2. **Kernel guard:** `job.execute` checks `workflowRun.status === "RUNNING"` both before AND after stage execution. Ghost jobs are discarded with `outcome: "failed"` and a typed `ghost: true` flag in the result.
3. **Host no-retry:** Both Node and Serverless hosts detect ghost jobs via the `ghost: true` flag (not string matching) and set `canRetry = false`, preventing infinite retry loops.

## One Bad Run Blocks Everything

**Symptom (old):** A single run with corrupt state would cause `run.claimPending` to throw, which blocked the entire orchestration tick — including outbox flush, stale lease reaping, and suspended stage polling.

**How it's fixed (two layers):**
1. **Per-run isolation:** The claim loop catches errors per-run and marks that run `FAILED` with code `CLAIM_FAILED`. Processing continues to the next run.
2. **Per-step isolation:** Each orchestration step (claim, poll, reap, flush, reap stuck) runs in its own try/catch. If claiming fails entirely, the outbox still flushes.
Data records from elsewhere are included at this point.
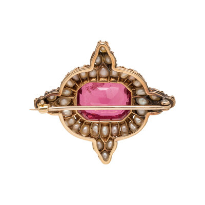 Featuring an octagonal modified mixed cut pink tourmaline weighing approximately 18.00 - 22.00 carats by formula, surrounded by seed pearls. Mounted in yellow gold. 1 5/8 x 1 3/8 inches.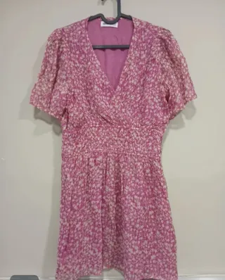 Vestido corto con estampado floral y detalles brillantes. Tiene un corte cruzado en la parte delantera y goma en la cintura para un ajuste favorecedor. - Mangas cortas abullonadas. - Escote en V. - Estampado floral sobre fondo rosa.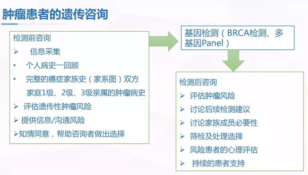 重庆大学附属肿瘤医院妇科肿瘤中心于2017年8月正式开展肿瘤遗传咨询门诊,咨询范围包括卵巢癌、子宫内膜癌、结直肠癌家族遗传性乳腺癌。遗传咨询的内容如下: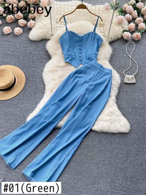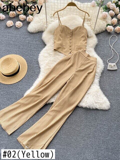 2022年夏の女性のセクシーなストライプ22ピースセットノースリーブタイトショートトップ&ウエストフレアパンツセット レッド サマー 夏物 Abe67991469466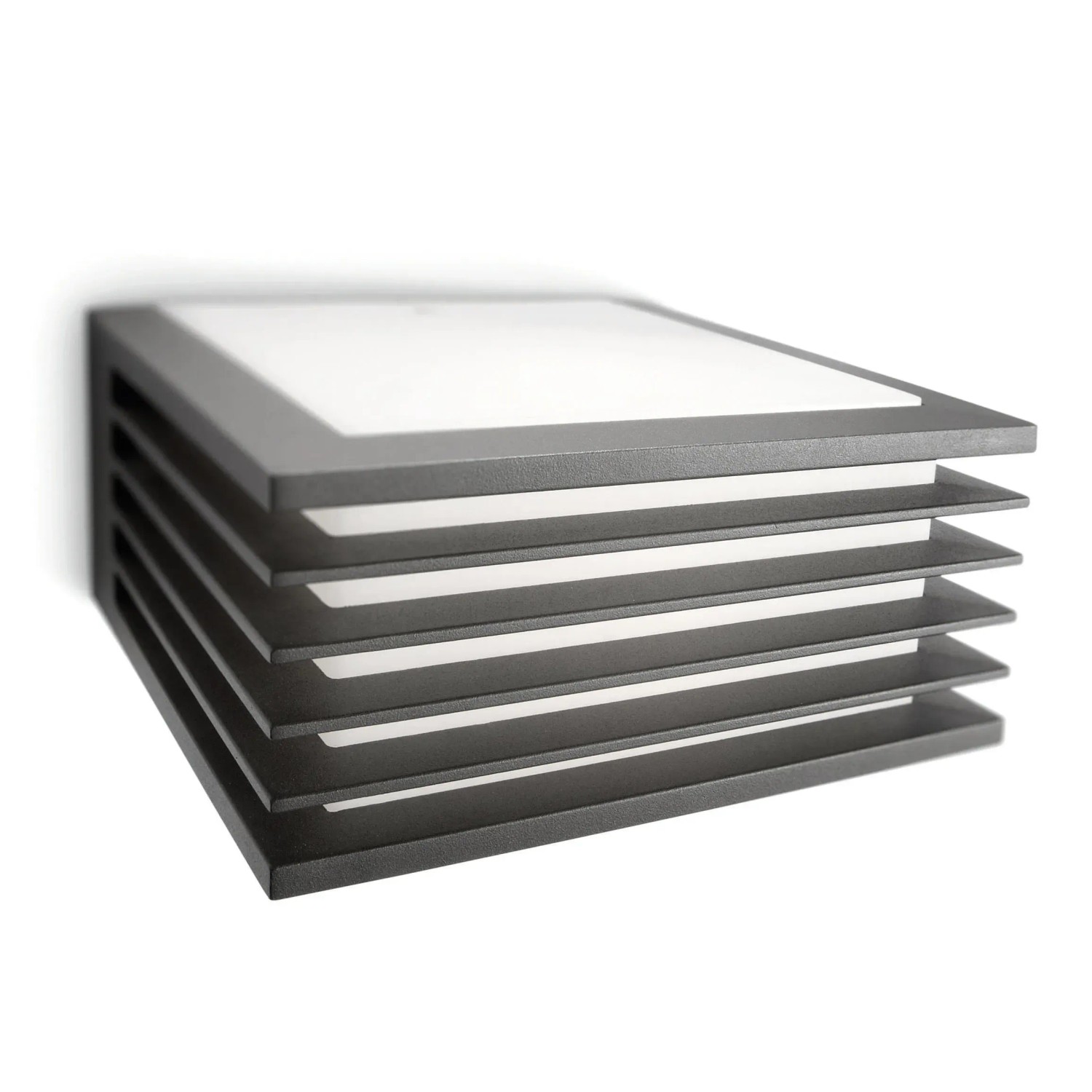 Jedinečný dizajn pre jedinečné okamihy pod holým nebom. Toto elegantné antracitové nástenné svietidlo Philips je vyrobené z hliníka s plastovým krytom svetla. Krásne efekty dvojsmerného svetla vás vyzvú na posedenie a odpočinok na záhrade. Svietidlo má jednu päticu E27, ktorú je možné osadiť ľubovoľným svetelným zdrojom o max. príkone 42 W (svetelný zdroj nie je súčasťou balenia). Toto vonkajšie svietidlo Philips je špeciálne navrhnuté pre vlhké vonkajšie prostredie a prešlo náročnými testami, ktoré zaistili jeho vodeodolnosť. Svietidlo je skonštruované s ochranou IP44: je chránené proti striekajúcej vode a jedná sa o výrobok, ktorý je najbežnejší a najvhodnejší pre všeobecné vonkajšie použitie.

## Orchestration Tick Steps

The orchestration tick runs these steps in order, each independently:

| Step | Command | Purpose |
|------|---------|---------|
| 1 | `run.claimPending` | Find PENDING runs, create stages, enqueue jobs |
| 2 | `stage.pollSuspended` | Check suspended stages for readiness, trigger transitions |
| 3 | `lease.reapStale` | Release job leases from crashed workers |
| 4 | `outbox.flush` | Publish pending events through EventSink |
| 5 | `run.reapStuck` | Fail RUNNING runs with no recent activity |

**Node host:** Runs automatically on `orchestrationIntervalMs` (default: 10s).
**Serverless host:** Must be triggered externally via `host.runMaintenanceTick()`.

## Error Codes Reference

| Code | Where | Meaning |
|------|-------|---------|
| `WORKFLOW_NOT_FOUND` | `run.claimPending` | Workflow ID not in registry when run was claimed |
| `EMPTY_STAGE_GRAPH` | `run.claimPending` | Workflow has no stages in execution group 1 |
| `CLAIM_FAILED` | `run.claimPending` | Unexpected error during claim (DB error, etc.) |
| `STUCK_RUN_REAPED` | `run.reapStuck` | Run had no activity past the stuck threshold |

All error codes appear in `run.output.error.code` on failed runs.